Alternatively, as Leah Litman has argued, the case might be understood to affect only laws that pose a particular affront to states’ equal dignity, as the VRA did by imposing intrusive burdens on particular states based on manifest suspicion of those states’ good faith. Either way, Shelby County’s equal-sovereignty principle does not necessarily call into question laws like PASPA that simply apply different regulatory requirements within different states.
In any event, even if laws like PASPA were suspect on equal-sovereignty grounds, there would be no reason to think the resulting heightened scrutiny should be fatal in fact. The Supreme Court found insufficient justification for the VRA’s coverage formula in Shelby County, but PASPA’s exceptions were generally designed to preserve existing sports betting in states that allowed (or sought to allow) such gambling at the time the federal legislation was adopted.
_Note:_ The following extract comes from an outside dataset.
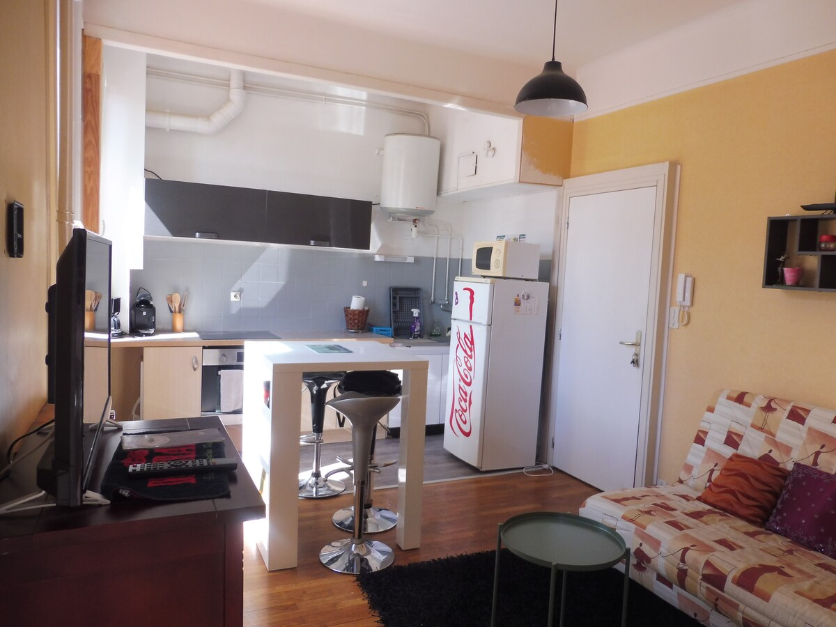 Appartement 3 pièces en RCH , refait à neuf, CENTRE VILLE dans une rue calme au stationnement gratuit, composé d'une cuisine équipée ( frigo-congel, plaque à induction avec four, micro-onde, lave vaisselle, lave-linge, cafetières normale et senseo) Une salle de séjour avec canapé convertible confortable, TV et salle à manger, salle d'eau (douche et wc), wc indépendant, Chambre1 avec lit 2 personnes, TV Chambre2 avec lit 2personnes+lit 1 personne Patio, internet, Animaux acceptés.

Just as grandfather clauses and other exceptions to protect various forms of private reliance may be justified, a carve-out for states that relied in particularly pronounced ways on prior federal law should be constitutional.
Shelby County’s equal-sovereignty principle deserves the fate of all misguided precedents: a narrow construction that contains the damage and paves the way to overruling. Even taking Shelby County as a given, however, the decision need not cast doubt on PASPA’s validity. As the justices consider the commandeering issue presented in Christie, they should put aside any concerns about PASPA’s unequal application to different states.